First FictionBrian Kennedy can write. He can also sing, of course, with a sweet clarity that soothes as it entertains. While the writing in his first novel, The Arrival of Fergal Flynn, is neither as polished nor as pitch-perfect as his singing, he will undoubtedly get there. There will be other novels.
It's only fair to first declare the background which makes it impossible to read Fergal Flynn without the singer/author's famous, and shamelessly romantic, face floating between you and the page. Impossible because the story - the coming of age of a sexually confused teenager with a beautiful voice in a troubled Belfast - could be Brian Kennedy's own.
He has said himself that his novel is faction - which is to say half fact, half fiction. He has spoken of how he didn't fit in at school, of the awesome and wonderful implications of discovering he could sing, of his homosexuality. Fergal Flynn shares all of these experiences and more - and it's the more which makes the book. The story's life and heart's core are in the minutiae which give harrowing life to poverty and invoke the recurring beat of everyday fears in a war-torn city, the miserable, mean brutality of a bad marriage, the machismo which cripples men and women both.
If Fergal Flynn, living with a trio of sports-loving brothers, a brute for a father, a valium-addled mother and wasting, alcoholic grandmother, didn't have much of a start in life then neither did his misfortunate parents. In a fine description of their hapless, hopeless wedding celebrations, Patrick Flynn's hired wedding suit is destroyed "by squirt after panicked squirt of slimy white pigeon shit" so that he drinks until he can't stand up. His mother's deflowering, ". . . in the damp heat of neglected grass that would one day become a housing estate . . ." is over ". . . in a miracle of seconds". But Fergal has a voice that will be his way out. Both his sexuality and singing talent find release in his friendship with Father Dermot MacManus; young, handsome, sun bronzed and newly arrived in the parish from service in Africa.
There's a fair amount of intense, teenage wanking and angst before Fergal and Father Mac come together in the sand dunes - and a fair amount too of their growing love and sexual couplings afterwards.

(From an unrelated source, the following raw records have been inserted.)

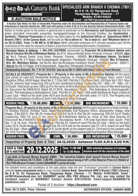 Property No.1: (Property in the name of Mr.A.Mohideen Batcha) All the piece and parcel of Land and Residential Building existing In Dindigul District, Dindigul Town, Joint-1 Sub Registrar Office, MVM Nagar, Ward No.2, T.S.No. 562, Plot No.C (Southern part), Old Door No: 118/1, New No.24, wherein land measuring 700 sq.ft and residential building measuring (GF-690FF 690+SF-272)sqft. Total build up area 1652 sq.ft in the name of Mr.A.Mohideen Batcha by virtue of title deed bearing its Document No.2854/2016 Dated 26.12.2016. Boundaries: North Plot belonging to Shanmugavalli, South Plot belonging to Mahalakshmi, East: Plot No.31, 33, West: 20ft width Northsouth Road. Extent of Land: East-West on the both sides 40 ft and South-North on the both sides 17-1/2 ft. The Property lies within the jurisdiction of office of Joint I Sub Registrar office Dindugal.
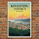 • This vintage travel poster captures the serene beauty of Kingston, Jamaica. The digital illustration features a classic 1960s design, perfect for a touch of island nostalgia.
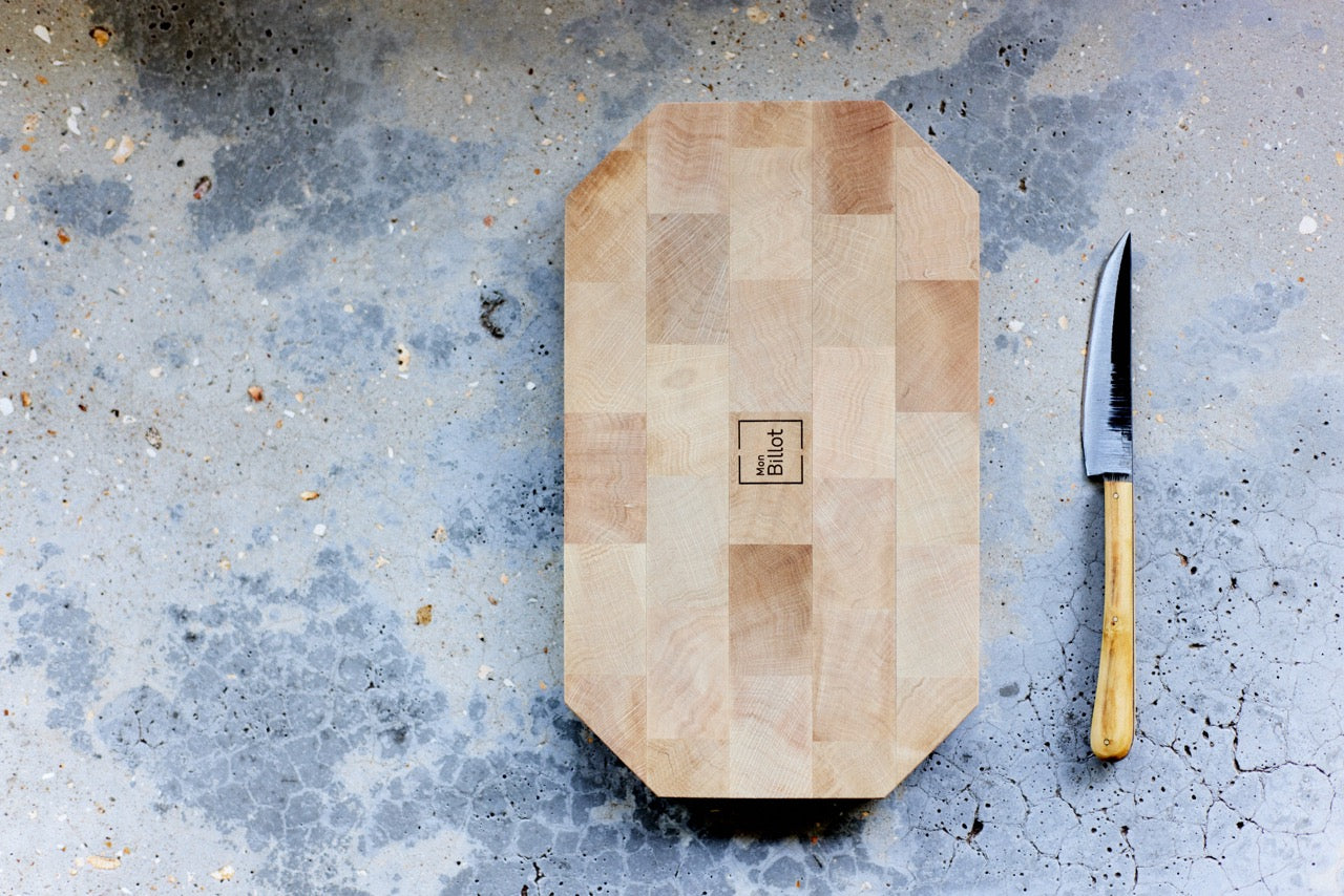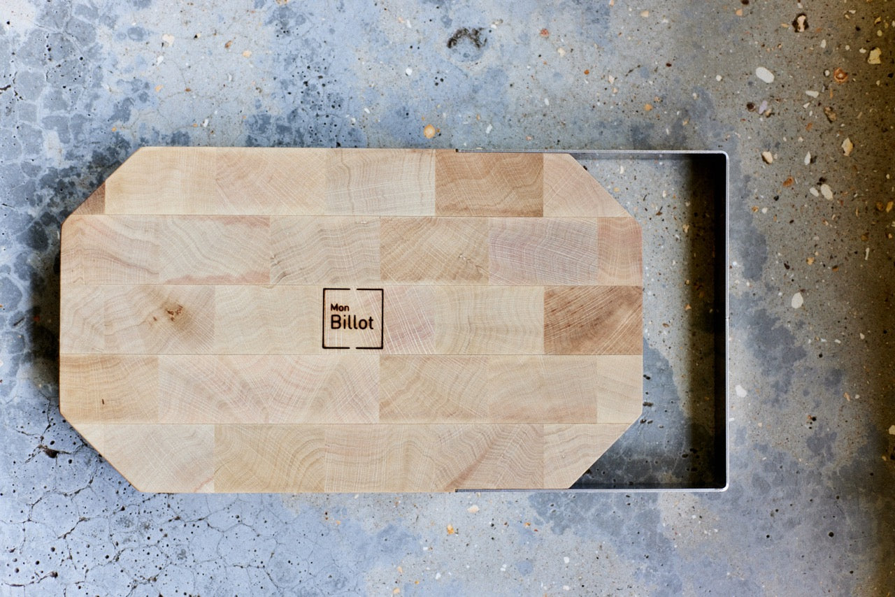 Chaque billot est unique, chaque morceau de bois est sublimé, les chutes chauffant l'atelier. Savoir-faire traditionnel, outil primaire modernisé, objet ancestral d'hier et d'aujourd'hui. 100% française, artisanale et engagée, Mon Billot est une marque d'objets, fait de matériaux choisis sur ses chantiers par François Bouvet. Le marbre, le bois et l'inox résistants aux assauts des Bouchers, des Fromagers et des particuliers.
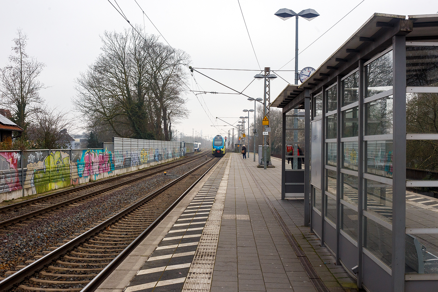 Der sechsteilige Doppelstocktriebwagen Stadler KISS (160) - ET 610 (94 80 0445 010-2 D-WFB ff.) der WestfalenBahn erreicht am kalten 21 Januar 2025, als RE 60 „Ems-Leine-Express“ (Braunschweig – Peine – Lehrte – Hannover – Minden – Löhne – Osnabrück – Rheine), den Bahnhof Osnabrück Altstadt.
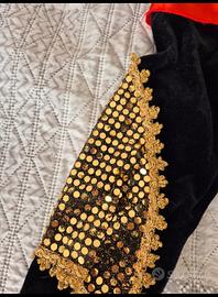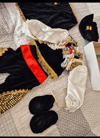 ⁃ Completo composto da giacca, pantaloni, mantello e cappello, - Dettaqli dorati e fascia rossa in vita, ⁃ Include un paio di copri scarpine
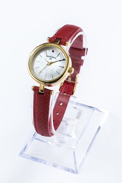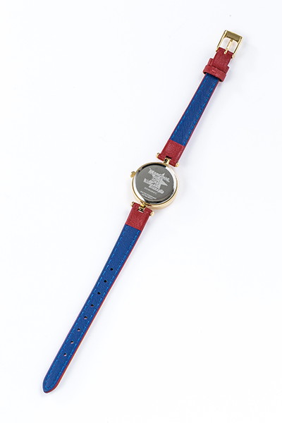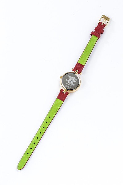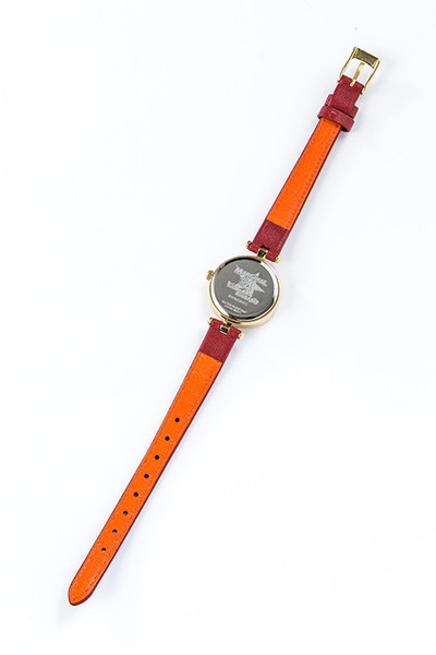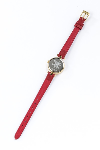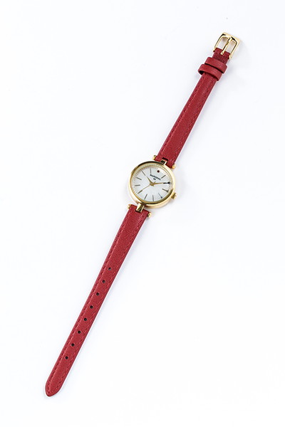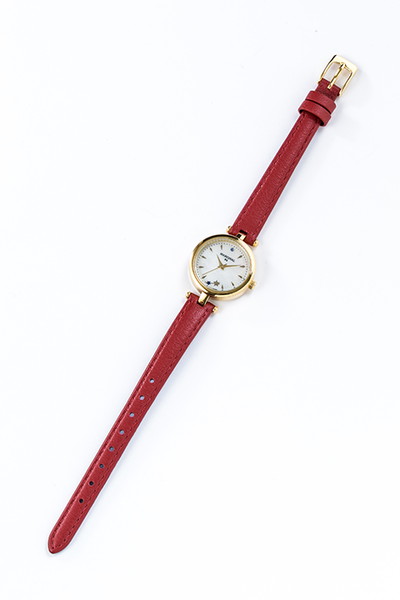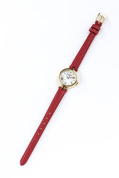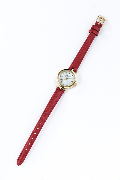 ゴールドベースの小振りなケースとホワイトシェルの文字盤がとってもキュートな腕時計。12時のインデックスとベルトの裏地は、各メンバーをイメージしたカラーリングが落し込まれている。文字盤にも、衣装のモチーフが装飾としてあしらわれている。ボルドーのベルトが映える上品な腕時計は、シーンを選ばずに使える逸品だ。

Fergal Flynn's story lacks tension and has no surprises. The strength of this book is in the detail. It's in the way Fergal's mother comes to life as she claws at the constantly weeping sores on her back; in the description of his grandmother Noreen as "a filthy, plucked turkey, totally naked", reverting back to childhood; in the dialogue, which is very good; and in the humour which lightens black hours.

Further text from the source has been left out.